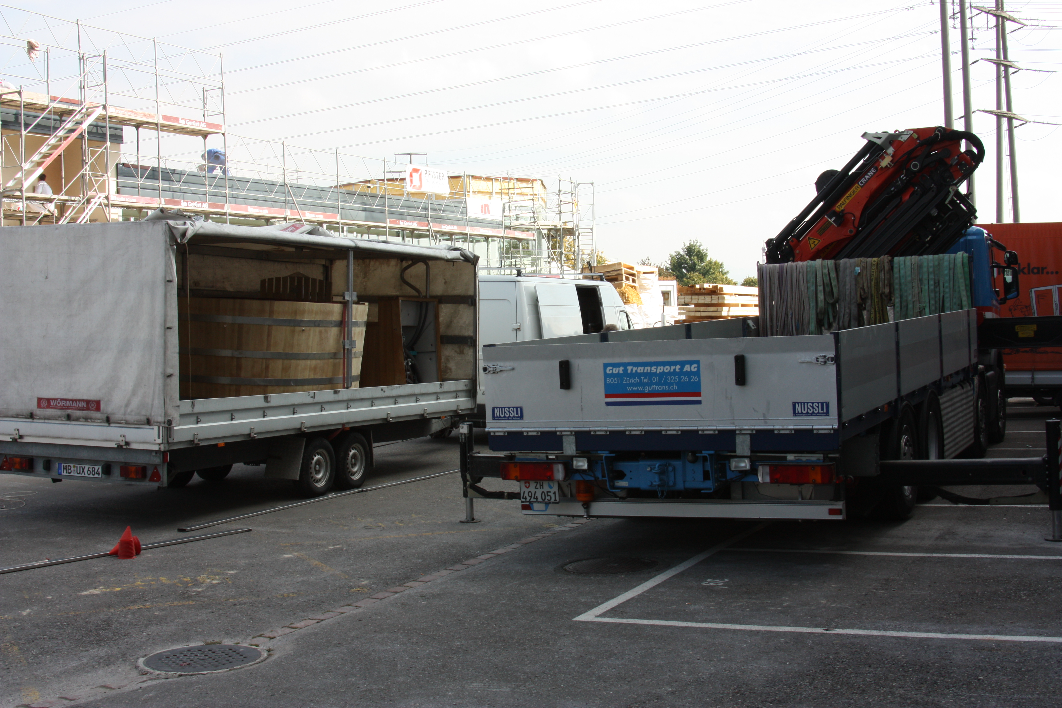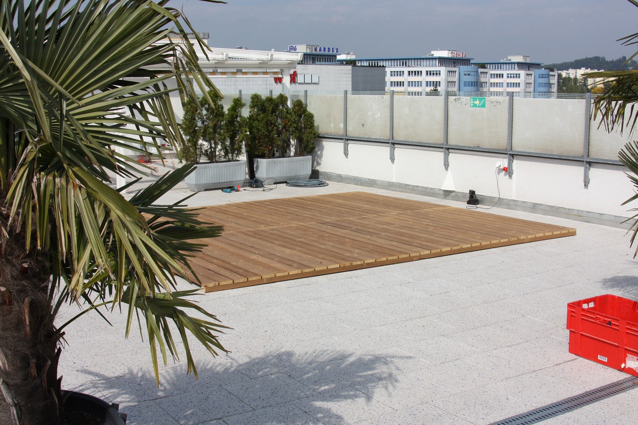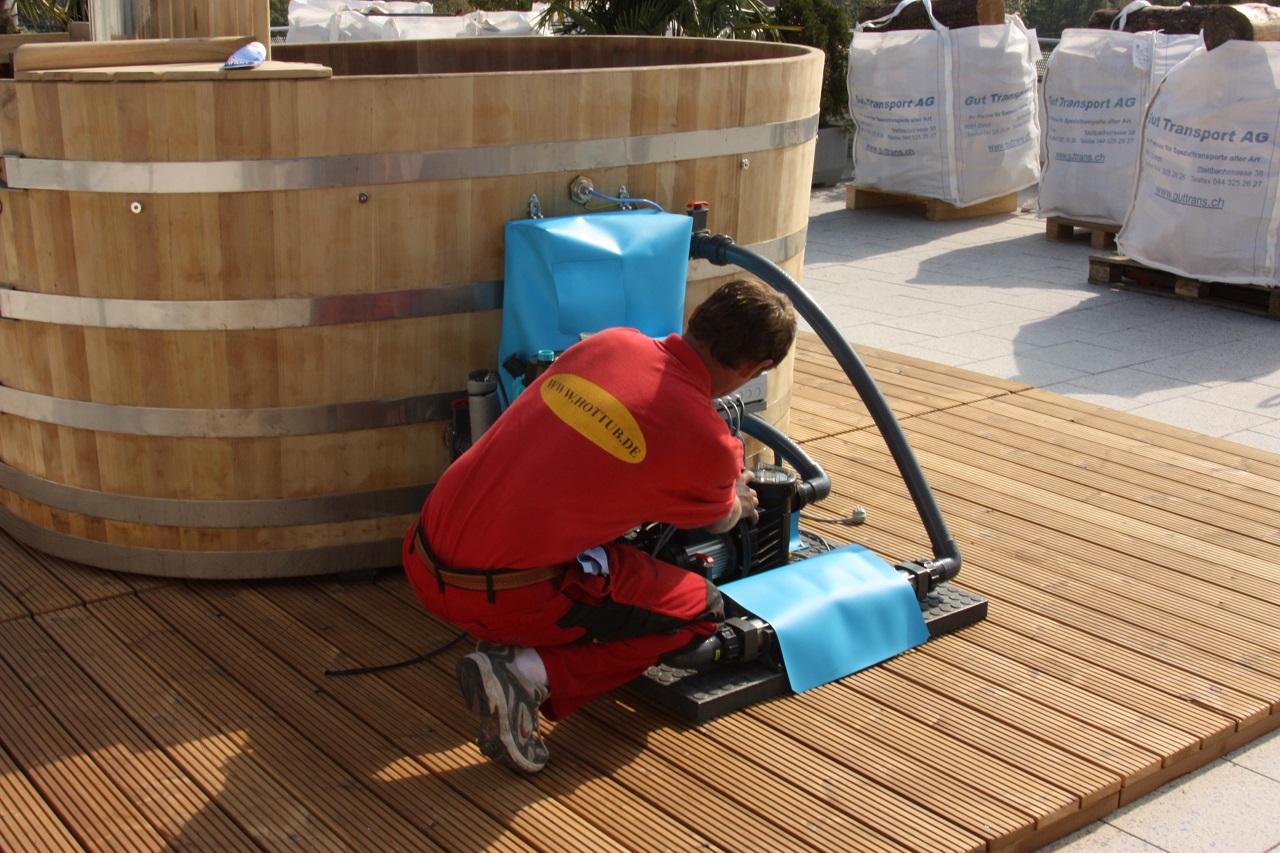Am Bestimmungsort wurde bereits der Holzuntergrund für den Jacuzzi vorbereitet.
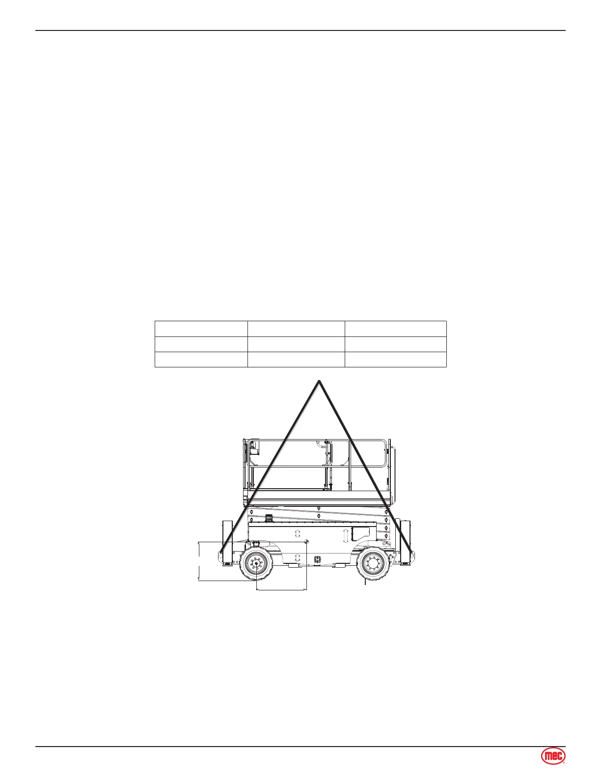 Determine the center of gravity of your machine using the table and the picture on this page.
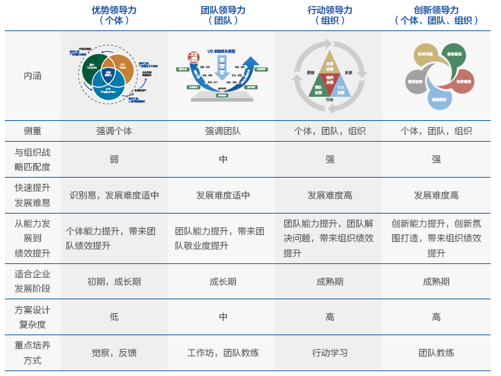 四個模型的主要聯(lián)系在于:優(yōu)勢領(lǐng)導(dǎo)力模型聚焦個體領(lǐng)導(dǎo)力的提升;行動領(lǐng)導(dǎo)力模型從組織的角度聚焦個體領(lǐng)導(dǎo)力的提升;U5卓越團(tuán)隊(duì)模型聚焦團(tuán)隊(duì)領(lǐng)導(dǎo)力的提升;創(chuàng)新領(lǐng)導(dǎo)力模型聚焦個體和團(tuán)隊(duì)創(chuàng)新能力的提升和創(chuàng)新氛圍的形成。下表闡明了優(yōu)勢領(lǐng)導(dǎo)力、行動領(lǐng)導(dǎo)力、U5卓越團(tuán)隊(duì)、創(chuàng)新領(lǐng)導(dǎo)力四個模型之間的聯(lián)系和區(qū)別。
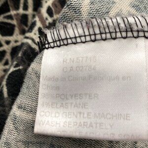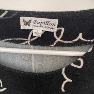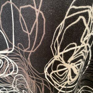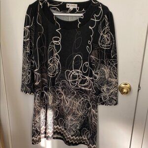 This tunic-style top features a round neckline, black color scheme, and three-quarter length sleeves. The shirt has a relaxed style with intricate white designs creating abstract floral patterns.
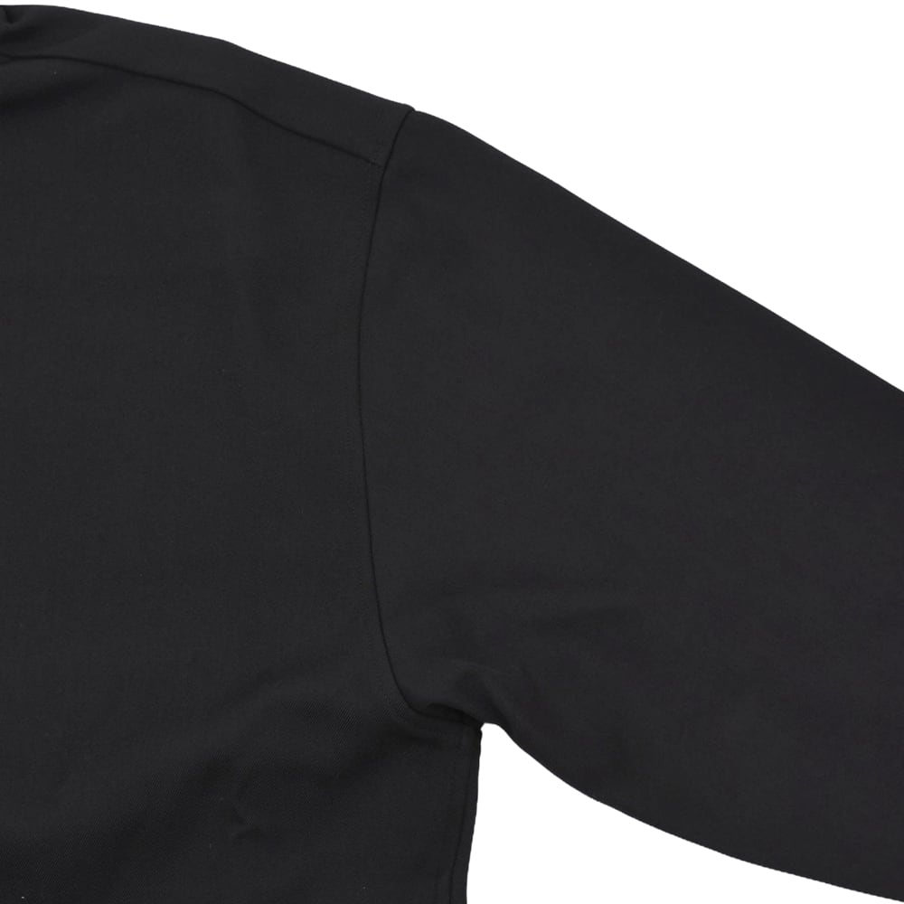 A black shirt with a simple and sophisticated charm. Its minimalist design makes it a versatile item that blends well with any style. The moderately relaxed silhouette ensures comfort, and it looks well balanced whether tucked in or left out. It can be worn on its own, as an inner layer, or as a light cover-up.
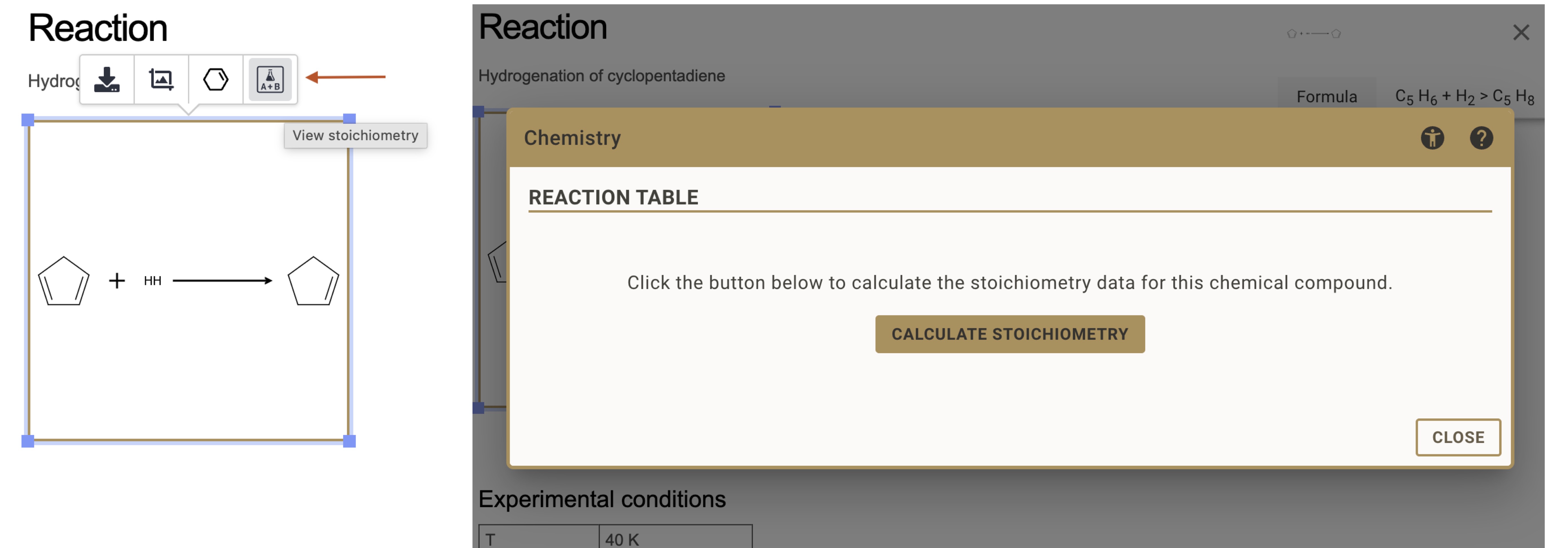 - Open the stoichiometry table via the stoichiometry button on the given reaction
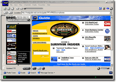 on your computer. RealPlayer's Realguide A starting point for exploring audio/video sites on the Internet is the realguide. From this site, you can find a variety of News, Industry, Business, and on-line radio broadcasts of all types, as well as special events. The site can be accessed from the link just given, and it can also be accessed directly from RealPlayer itself, as shown in the figure below. Assuming that RealPlayer has been installed and configured to launch automatically from your browser, you can explore a variety of sites simply by clicking and following the instructions. Check out this gallery to search for audio and video of special events from NASA's space missions.
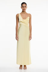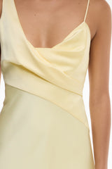 Ideal for evening soirées, the Adriana Dress in Butter showcases a bias-cut satin that drapes beautifully. The twisted front bodice with one feature wide strap adds unique elegance, while the flared skirt ensures a flattering silhouette.
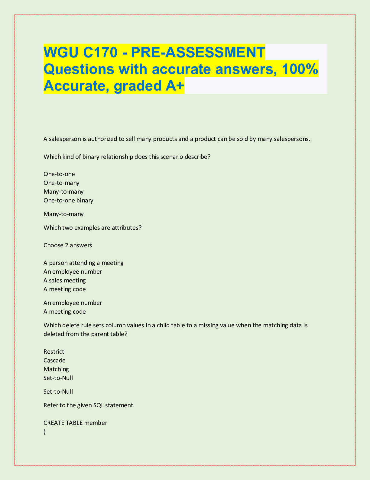 Database Management > QUESTIONS & ANSWERS > WGU C170 - PRE-ASSESSMENT Questions with accurate answers, 100% Accurate, graded A+ (All)
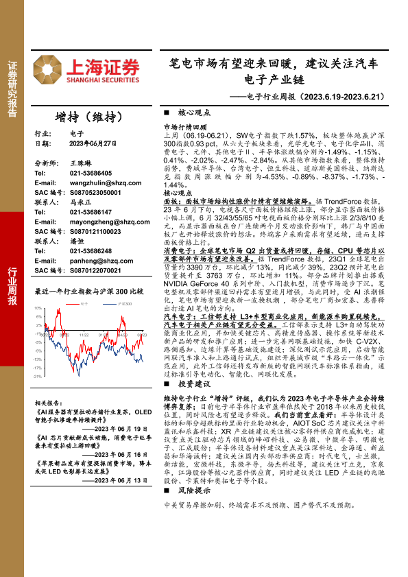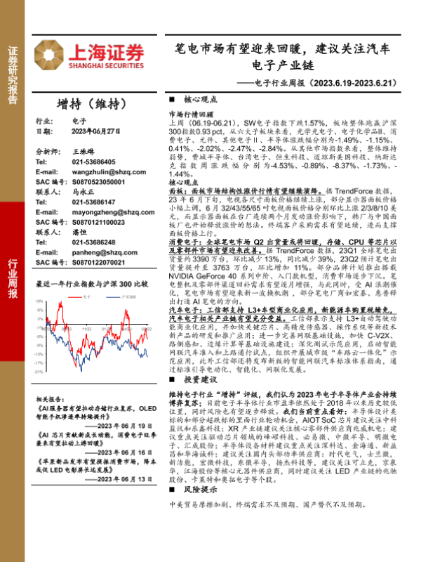 【上海证券】【20230627】20230627-上海证券-电子行业周报:笔电市场有望迎来回暖,建议关注汽车电子产业链-10页
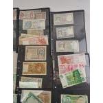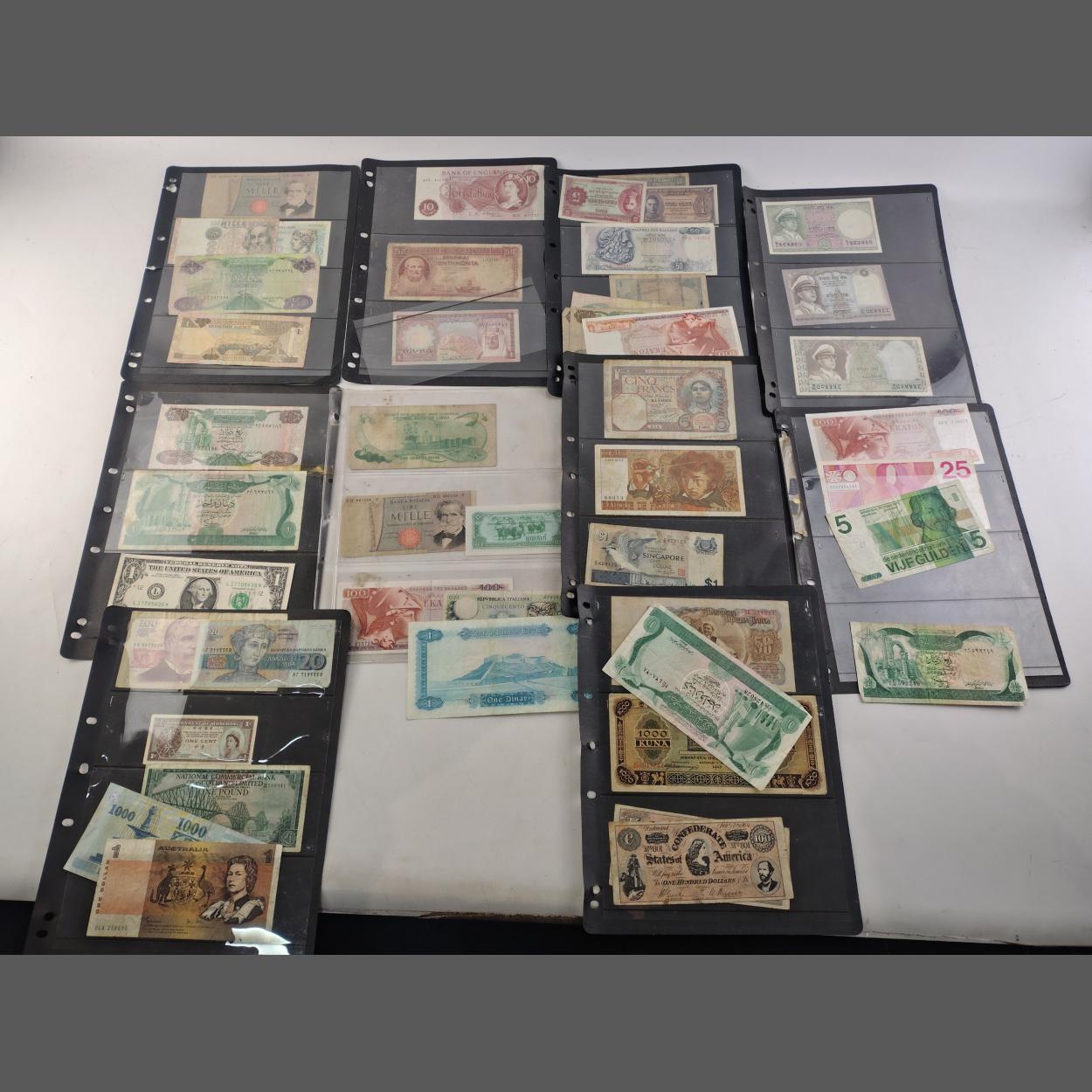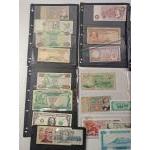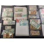 A small collection of World Banknotes on older stock book pages. Middle East , Far East WWII notes, dollars and much else.

=-=-=-=-=

> _WHAT IS REQUIRED_
With the pictures removed, write the listing out word for word.

> _TASK RESULT_
Am Bestimmungsort wurde bereits der Holzuntergrund für den Jacuzzi vorbereitet.
 Determine the center of gravity of your machine using the table and the picture on this page.
 四個模型的主要聯(lián)系在于:優(yōu)勢領(lǐng)導(dǎo)力模型聚焦個體領(lǐng)導(dǎo)力的提升;行動領(lǐng)導(dǎo)力模型從組織的角度聚焦個體領(lǐng)導(dǎo)力的提升;U5卓越團(tuán)隊(duì)模型聚焦團(tuán)隊(duì)領(lǐng)導(dǎo)力的提升;創(chuàng)新領(lǐng)導(dǎo)力模型聚焦個體和團(tuán)隊(duì)創(chuàng)新能力的提升和創(chuàng)新氛圍的形成。下表闡明了優(yōu)勢領(lǐng)導(dǎo)力、行動領(lǐng)導(dǎo)力、U5卓越團(tuán)隊(duì)、創(chuàng)新領(lǐng)導(dǎo)力四個模型之間的聯(lián)系和區(qū)別。
 This tunic-style top features a round neckline, black color scheme, and three-quarter length sleeves. The shirt has a relaxed style with intricate white designs creating abstract floral patterns.
 A black shirt with a simple and sophisticated charm. Its minimalist design makes it a versatile item that blends well with any style. The moderately relaxed silhouette ensures comfort, and it looks well balanced whether tucked in or left out. It can be worn on its own, as an inner layer, or as a light cover-up.
 - Open the stoichiometry table via the stoichiometry button on the given reaction
 on your computer. RealPlayer's Realguide A starting point for exploring audio/video sites on the Internet is the realguide. From this site, you can find a variety of News, Industry, Business, and on-line radio broadcasts of all types, as well as special events. The site can be accessed from the link just given, and it can also be accessed directly from RealPlayer itself, as shown in the figure below. Assuming that RealPlayer has been installed and configured to launch automatically from your browser, you can explore a variety of sites simply by clicking and following the instructions. Check out this gallery to search for audio and video of special events from NASA's space missions.
 Ideal for evening soirées, the Adriana Dress in Butter showcases a bias-cut satin that drapes beautifully. The twisted front bodice with one feature wide strap adds unique elegance, while the flared skirt ensures a flattering silhouette.
 Database Management > QUESTIONS & ANSWERS > WGU C170 - PRE-ASSESSMENT Questions with accurate answers, 100% Accurate, graded A+ (All)
 【上海证券】【20230627】20230627-上海证券-电子行业周报:笔电市场有望迎来回暖,建议关注汽车电子产业链-10页
 A small collection of World Banknotes on older stock book pages. Middle East , Far East WWII notes, dollars and much else.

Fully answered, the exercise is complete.